_What you have to do_
Write out exactly the lines from the one with "А де м'яч? У" through the last line of the data below, but not the pictures.

_Recorded data_
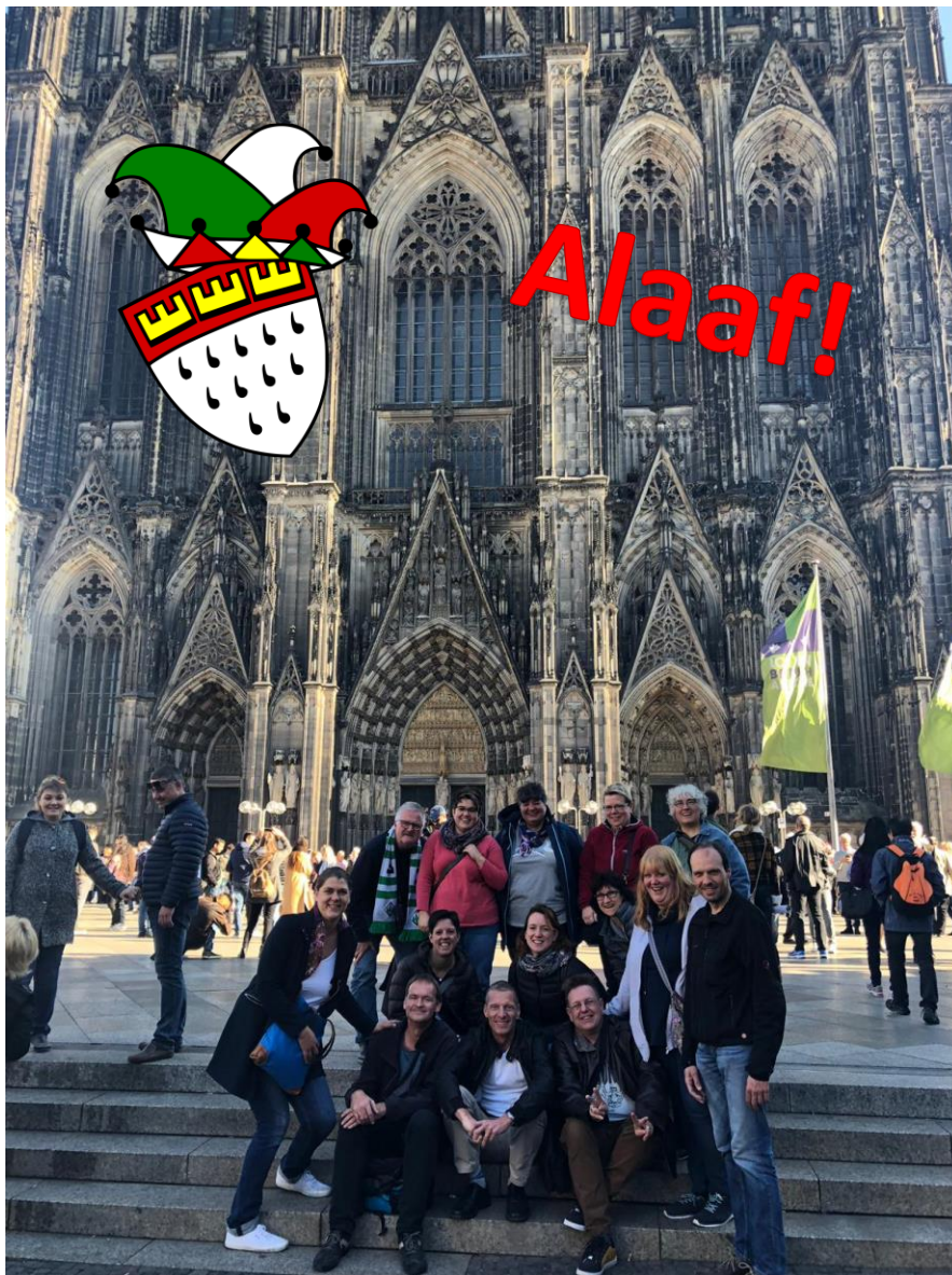
Wiehlmys in Köln
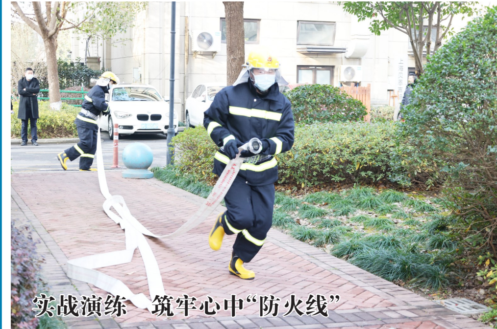
实战演练 筑牢心中“防火线” 1月11日上午,旭辉居委会与社区民警、永升物业公司在小区内开展消防演练活动。此次演练有消防安全知识讲解、现场灭火演练等环节,从如何快速规范穿戴消防服、正确使用灭火器材,灭火器的种类及不同的使用方法,水带和消防栓的连接使用等基本常识进行详细讲解。据悉,旭辉居民区每月至少进行2次消防演练,通过轮流训练的方式,全覆盖提高物业服务人员的火灾扑救能力和消防安全意识。 胡文妹/文

家成立于2008年、占地面积60亩的企业被簇拥到了“聚光灯”下,产值连年翻倍,2021年产值突破1.5亿元。 当前,上海舜锋已瞄准新材料领域,并与深圳清华大学研究院联合开展“产学研”合作,未来将开拓柔性显示屏、石墨烯、新能源电池回收等新领域产品。 在车间内,上海舜锋董事长、总经理史延锋自豪地告诉记者:“这一年多来,企业发展速度非常快,订单根本做不过来。现在,我对订单采取了‘优中选优’的策略,逐渐减少100万元以内的订单承接量,明年,企业发展会再上一个大台阶!”
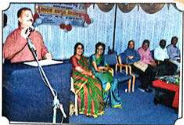
ಯುವ ರೆಡ್ ಕ್ರಾಸ್ ಘಟಕದ ವಿಶೇಷ ಕಾರ್ಯಕ್ರಮ
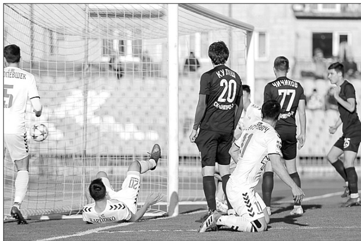
А де м'яч? У воротах СК «Дніпро-1»!

За результатами жеребкування, яке відбулось у понеділок, 7 квітня, у півфіналах Кубка України 17 квітня зустрінуться: «Інгулець» — «Зоря» і СК «Дніпро-1» — «Шахтар».
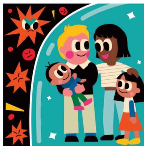
ARTICLE 14 Droit d'asile
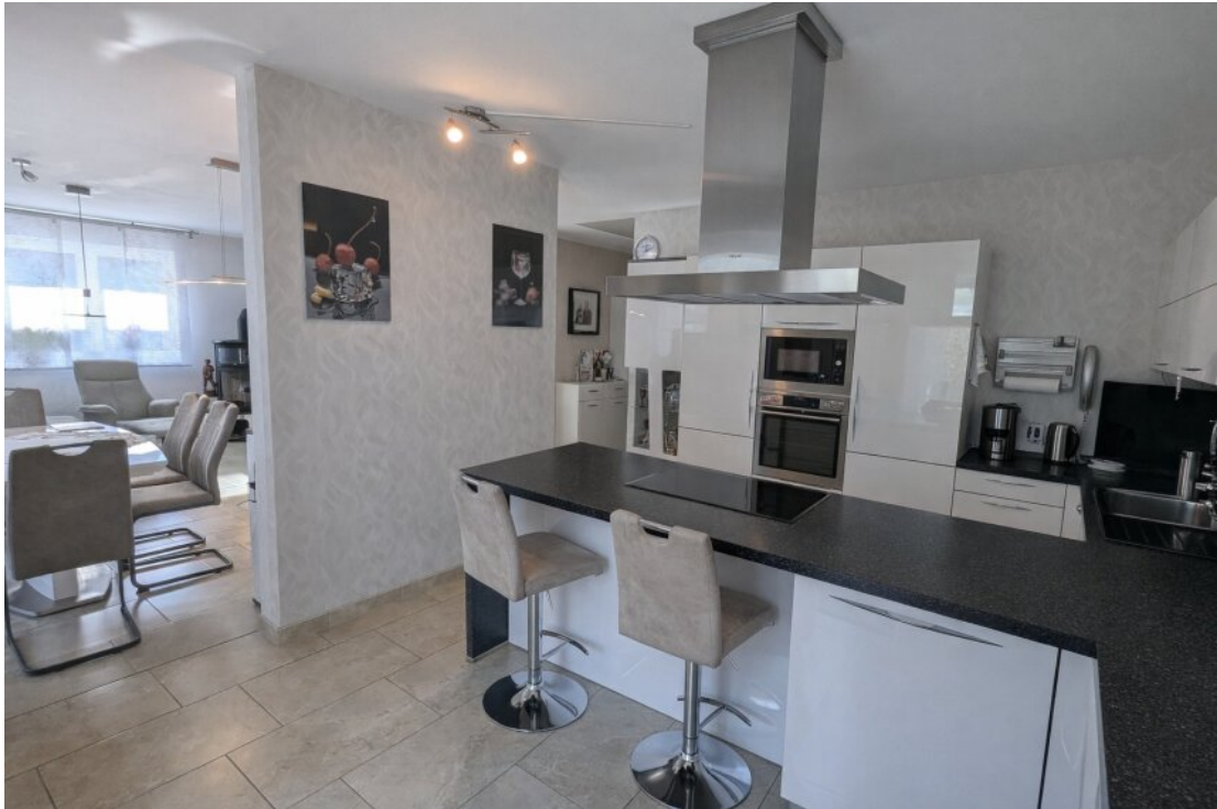
Moderne Küche Wohn-Essbereich

_Your solution_
А де м'яч? У воротах СК «Дніпро-1»!

За результатами жеребкування, яке відбулось у понеділок, 7 квітня, у півфіналах Кубка України 17 квітня зустрінуться: «Інгулець» — «Зоря» і СК «Дніпро-1» — «Шахтар».
ARTICLE 14 Droit d'asile
Moderne Küche Wohn-Essbereich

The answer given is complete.